Symptoms present at a threshold-level at baseline persisted in half to three-quarters of patients at 3-month follow-up, and patients frequently still desired treatment. This suggests that symptom severity and persistence coupled with patient expectations5, 52, 53 might be one approach to balancing overtreatment vs. patient-centered treatment of common symptoms. Other factors influencing management might include whether the symptom is secondary to another medical condition or treatment, the presence of competing health concerns, the relative role of clinical judgment vs. PRO scores in determining clinician actions, and the option of watchful waiting to distinguish persistent from self-limited symptoms.47 Shared decision-making between the clinician and patient is core to navigating these factors.54

A study strength in terms of generalizability was the relatively balanced distribution of patients among the two principal disciplines providing primary care for adults: general internal medicine and family medicine. Second, the patient sample had a good distribution of age, race, and medical comorbidity. Third, the participation rate among eligible patients was reasonably high, minimizing refusal as a major source of selection bias.
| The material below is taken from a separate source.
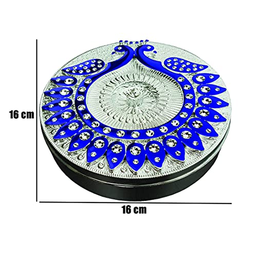 Shoppersduniya Set of Two Silver Peacock Design Round Plastic Air-Tight Dry Fruit Serving | Mukhwas| Chutney | Masala Tray | Jar Box (Blue) 16 X 16 cm (4 Sections)

Several study limitations should be noted. Three-month follow-up data could not be obtained for 14.6% of the study participants. However, multiple imputation using the full sample of 300 participants and analysis of the 256 complete cases produced similar results. Second, secondary outcomes assessed by patient report at 3 months or by chart review are susceptible to recall or rater bias, respectively. The latter, however, was reduced by rater training, explicit coding criteria, independent review of all notes by two raters, and rater blinding to study group. Third, 61 clinicians received feedback on one or more of the 151 patients in the feedback arm, meaning that most physicians received feedback on only a few patients in the trial. Receiving symptom feedback on more patients over a longer period of time might lead to greater attention to SPADE symptoms. Fourth, the trial was conducted in academic clinics staffed by both faculty and residents who were providing care to an underserved population, and findings should be replicated more broadly.
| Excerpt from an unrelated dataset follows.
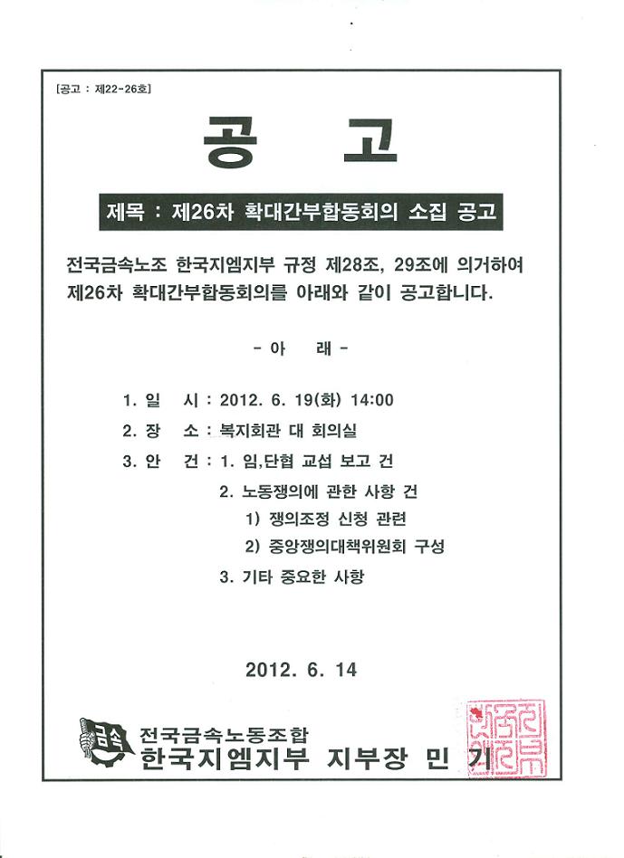 Á¦ 26Â÷ È®´ë°£ºÎ ÇÕµ¿È¸ÀÇ °ø°í

Diagnostic testing and procedures are unnecessary for the majority of patients with SPADE symptoms; instead, the history and physical examination coupled with communication strategies are more effective for symptom evaluation and management.6 Realigning incentives to enable more patient-centered approaches has the potential of improving symptom outcomes at lower cost. Making information from PROs readily actionable through sufficient training, time, and resources may be critical to the effective use of PROs by practicing clinicians.55 At the same time, determining which PROs are valued by clinicians and patients, the optimal frequency of assessment and provision of results, and in which setting PROs can improve symptom outcomes are all appropriate steps prior to widespread PRO implementation.